Alors que Kimi Antonelli célébrait une victoire inattendue en Chine, ramenant l’Italie au sommet après des décennies d’attente, l’ombre du chaos planait sur le reste du paddock. Sa victoire, arrachée devant son coéquipier George Russell, marque un deuxième doublé consécutif pour Mercedes, masquant à peine les déboires techniques et les tensions grandissantes.

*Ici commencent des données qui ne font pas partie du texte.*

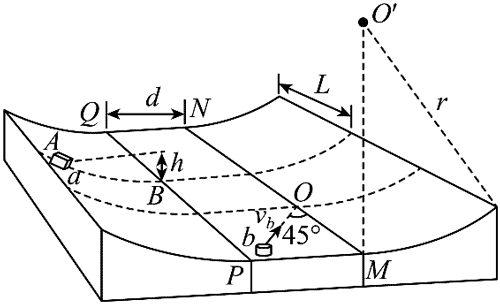 如图所示。一宽度为 d 的光滑长方形平板 MNOP,长边 MN、PQ 分别平滑连接半径均为 r 的光滑圆弧面,形成“U”形槽,将其整体固定在水平地面上。现有质量为 m 的物块 a,从圆弧面上相对平板竖直高度为 h 的 A 点静止下滑(h ≪ r),途经圆弧面上最低点 B,平板上有一质量为 \(\frac{m}{3}\) 的物块 b 与 MN 成 45° 角从 O 点滑入圆弧面,第一次到达最高点时恰好与同时到达最高点的物块 a 发生弹性碰撞。两物块均为质点。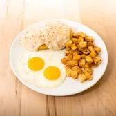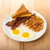 2 eggs, bacon or sausage, breakfast potatoes, choice of toast.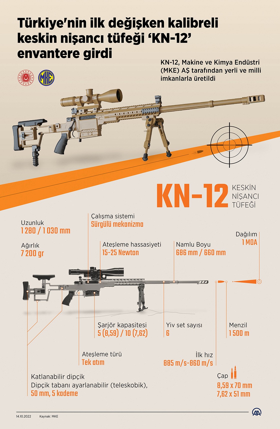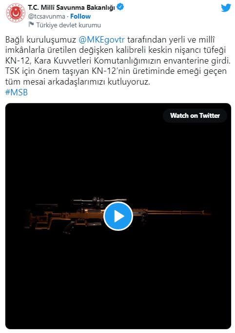 Milli Savunma Bakanlığının sosyal medya hesabından yapılan açıklamada, "Bağlı kuruluşumuz MKE tarafından yerli ve milli imkanlarla üretilen değişken kalibreli keskin nişancı tüfeği KN-12, Kara Kuvvetleri Komutanlığımızın envanterine girdi. TSK için önem taşıyan KN-12'nin üretiminde emeği geçen tüm mesai arkadaşlarımızı kutluyoruz" ifadelerine yer verildi.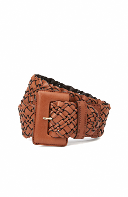 Kahverengi Kadın Örgü Deri Kemer

Antonelli, à peine capable de retenir ses larmes, a concédé avoir frôlé la crise cardiaque. Une déclaration qui souligne la pression insoutenable et la fragilité des nerfs dans ce sport impitoyable. Parti en pole position, il a su capitaliser sur sa chance, mais à quel prix pour l’excitation de la course ? Le record de précocité de Max Verstappen reste intact, reléguant Antonelli à une simple note de bas de page historique.
Derrière les intouchables Flèches d’Argent, la hiérarchie s’est cruellement dessinée. Ferrari, malgré les efforts de Lewis Hamilton et Charles Leclerc, n’a pu que constater son impuissance face à la domination de Mercedes. La troisième place de Hamilton, arrachée à Leclerc après une manœuvre agressive, révèle les fissures au sein de la Scuderia, déjà minée par les performances inégales.
Les écuries de milieu de tableau, Alpine et Haas, ont quant à elles confirmé leur rôle de figurantes. Si Pierre Gasly a réussi à éviter le ridicule, l’accrochage entre Franco Colapinto et Esteban Ocon, suivi d’une rare admission de faute, met en lumière le manque de discipline et la frustration grandissante. Mais le véritable désastre a frappé les favoris. Les McLaren, affligées par des pannes moteur catastrophiques, n’ont même pas pu prendre le départ. Pire encore, Max Verstappen, le champion en titre, a vu son week-end « désastreux » s’achever par un abandon humiliant, tandis que son coéquipier peinait à sauver les meubles. Cette course restera un sombre rappel des défis techniques et de la cruauté du sport automobile, où même les plus grands peuvent chuter de leur piédestal.